Thanks to the information sent in advance from EMS personnel in the field, the time from first medical contact to Taylor’s intervention was 59 minutes, with a “door-to-balloon” time (the period from which a patient arrives at the hospital to getting an intervention) of 37 minutes. The national goal for “door-to-balloon” time is 90 minutes.

“The St. Louis fire department paramedics did a great job sending in the 12-lead EKGs which directly led to fast activation of the cath lab,” says Martin.

Taylor not only survived his heart attack, he went home three days later.

At Barnes-Jewish, about 25 percent of our emergency department patients arrive via emergency medical services with the greatest majority coming from the fire department. Such efforts have helped Barnes-Jewish maintain nearly 100% door-to-balloon in time rates and achieve one of the best survival rates for heart attack in the nation according to government data.

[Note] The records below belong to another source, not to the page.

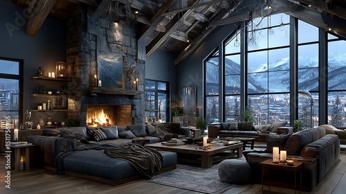 interior, modern, luxury, living, room, fireplace, panoramic, window, design, elegant, cosy, roomy, beautiful, stylish, contemporary, mountain, view, home, apartment, winter, landscape, decor, premium, house, furniture, chair, hotel, table, architecture, sofa, bed, living room, nobody, wood, indoor, inside, floor, bedchamber, wall, light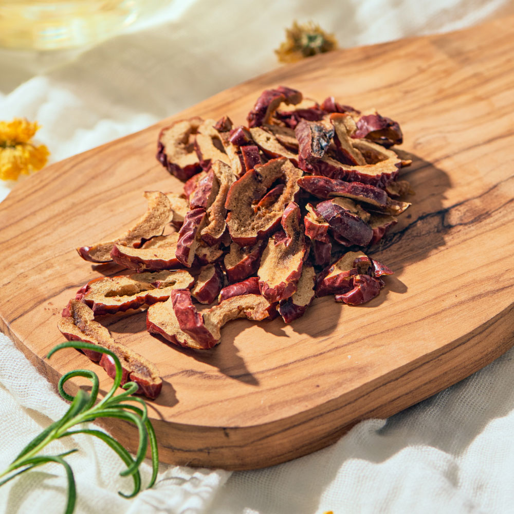 바삭한 대추칩은 남녀노소 선호하는 맛으로, 사내 탕비실 만족도 조사에서 상위권을 차지하는 유기샘의 대표 친환경 스낵입니다.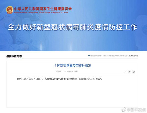 最大规模集中疫苗接种来了!国家卫健委29日发布,截至2021年3月28日,各地累计报告接种新冠病毒疫苗10661.3万剂次。

The equipment was purchased with grants and donations from the St. Louis Fire Department Lifesaving Foundation and from community partners AT&T Foundation, Barnes-Jewish Hospital, Barnes-Jewish Hospital Foundation, Emergency Nurses Association, Saint Louis University Hospital, and US Bank.

The addition of this equipment is a critical first step in the implementation of the American Heart Assocation’s Mission: Lifeline program in the city of St. Louis. Through Mission:Lifeline, Ambassador and Mrs. Sam Fox made a generous lead gift to provide training to more than 100 paramedics in the City of St Louis on the 12-lead EKG devices.


Barnes-Jewish Hospital is 1,288 bed teaching hospital affiliated with Washington University School of Medicine in St. Louis, MO. The hospital has a 1,763 member medical staff with many recognized as "Best Doctors in America." Barnes-Jewish is a member of BJC HealthCare, which provides a full range of health care services through its 13 hospitals and more than 100 health care sites in Missouri and Illinois. Barnes-Jewish Hospital is also consistently ranked as one of America’s “Best Hospitals” by U.S.News & World Report.